***** Excerpted data

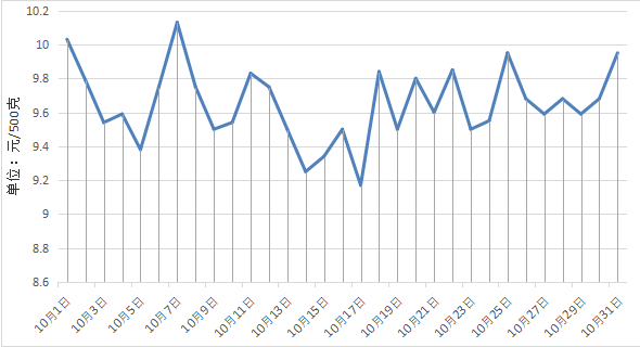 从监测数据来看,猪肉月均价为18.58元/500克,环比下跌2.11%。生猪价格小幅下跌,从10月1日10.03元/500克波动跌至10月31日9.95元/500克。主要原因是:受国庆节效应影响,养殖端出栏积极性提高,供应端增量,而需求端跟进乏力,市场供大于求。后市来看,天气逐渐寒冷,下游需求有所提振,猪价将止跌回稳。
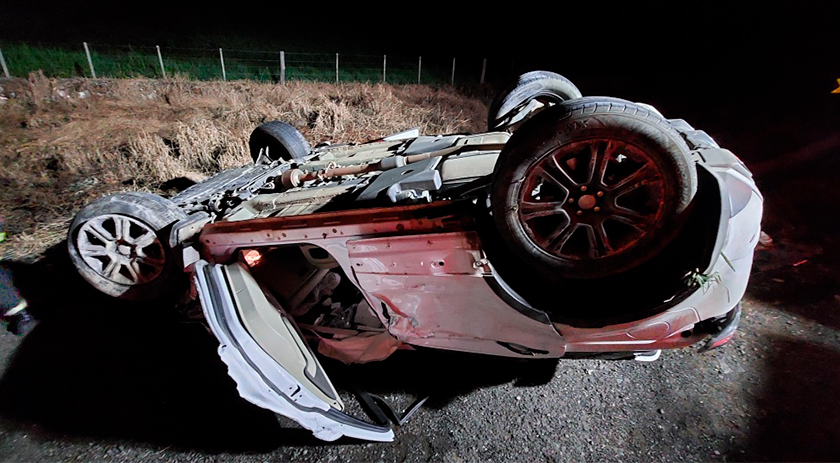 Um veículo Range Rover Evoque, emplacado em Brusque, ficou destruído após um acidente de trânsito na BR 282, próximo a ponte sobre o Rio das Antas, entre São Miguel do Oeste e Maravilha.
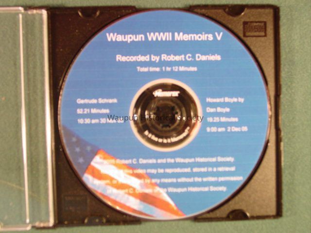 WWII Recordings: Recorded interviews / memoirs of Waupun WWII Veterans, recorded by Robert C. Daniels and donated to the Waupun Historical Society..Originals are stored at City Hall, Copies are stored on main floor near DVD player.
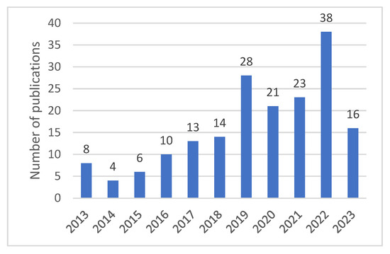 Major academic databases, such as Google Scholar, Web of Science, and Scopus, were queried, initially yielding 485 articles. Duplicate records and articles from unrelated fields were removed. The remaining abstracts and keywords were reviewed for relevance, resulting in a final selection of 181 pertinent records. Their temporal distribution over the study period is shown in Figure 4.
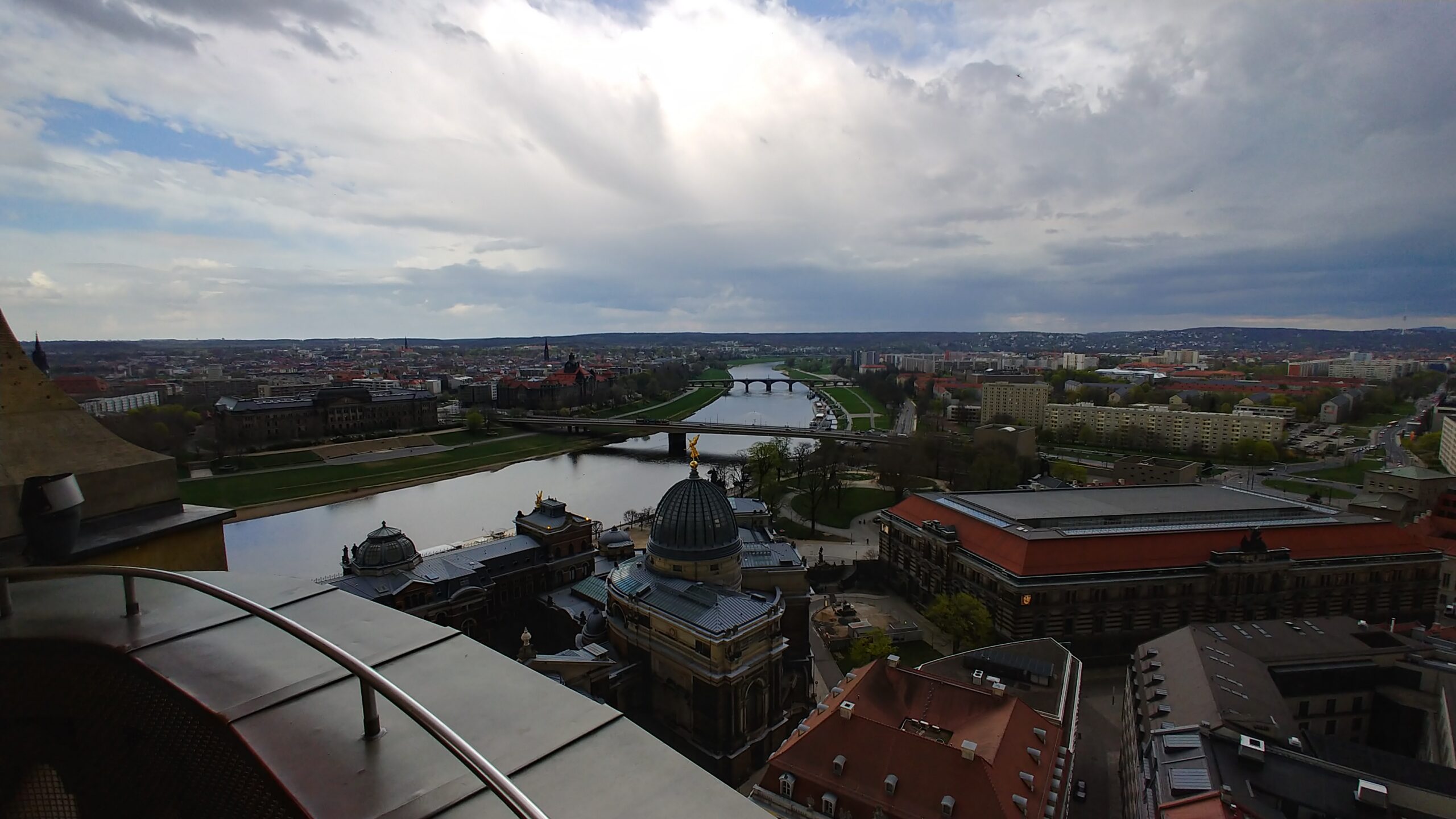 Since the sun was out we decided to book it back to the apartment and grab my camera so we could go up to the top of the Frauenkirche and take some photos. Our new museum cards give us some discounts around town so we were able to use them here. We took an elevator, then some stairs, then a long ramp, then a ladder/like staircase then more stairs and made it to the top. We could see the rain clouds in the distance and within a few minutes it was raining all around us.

**********

What is being asked
Exclude the images and copy every record above exactly.

Solved exercise
 从监测数据来看,猪肉月均价为18.58元/500克,环比下跌2.11%。生猪价格小幅下跌,从10月1日10.03元/500克波动跌至10月31日9.95元/500克。主要原因是:受国庆节效应影响,养殖端出栏积极性提高,供应端增量,而需求端跟进乏力,市场供大于求。后市来看,天气逐渐寒冷,下游需求有所提振,猪价将止跌回稳。
 Um veículo Range Rover Evoque, emplacado em Brusque, ficou destruído após um acidente de trânsito na BR 282, próximo a ponte sobre o Rio das Antas, entre São Miguel do Oeste e Maravilha.
 WWII Recordings: Recorded interviews / memoirs of Waupun WWII Veterans, recorded by Robert C. Daniels and donated to the Waupun Historical Society..Originals are stored at City Hall, Copies are stored on main floor near DVD player.
 Major academic databases, such as Google Scholar, Web of Science, and Scopus, were queried, initially yielding 485 articles. Duplicate records and articles from unrelated fields were removed. The remaining abstracts and keywords were reviewed for relevance, resulting in a final selection of 181 pertinent records. Their temporal distribution over the study period is shown in Figure 4.
 Since the sun was out we decided to book it back to the apartment and grab my camera so we could go up to the top of the Frauenkirche and take some photos. Our new museum cards give us some discounts around town so we were able to use them here. We took an elevator, then some stairs, then a long ramp, then a ladder/like staircase then more stairs and made it to the top. We could see the rain clouds in the distance and within a few minutes it was raining all around us.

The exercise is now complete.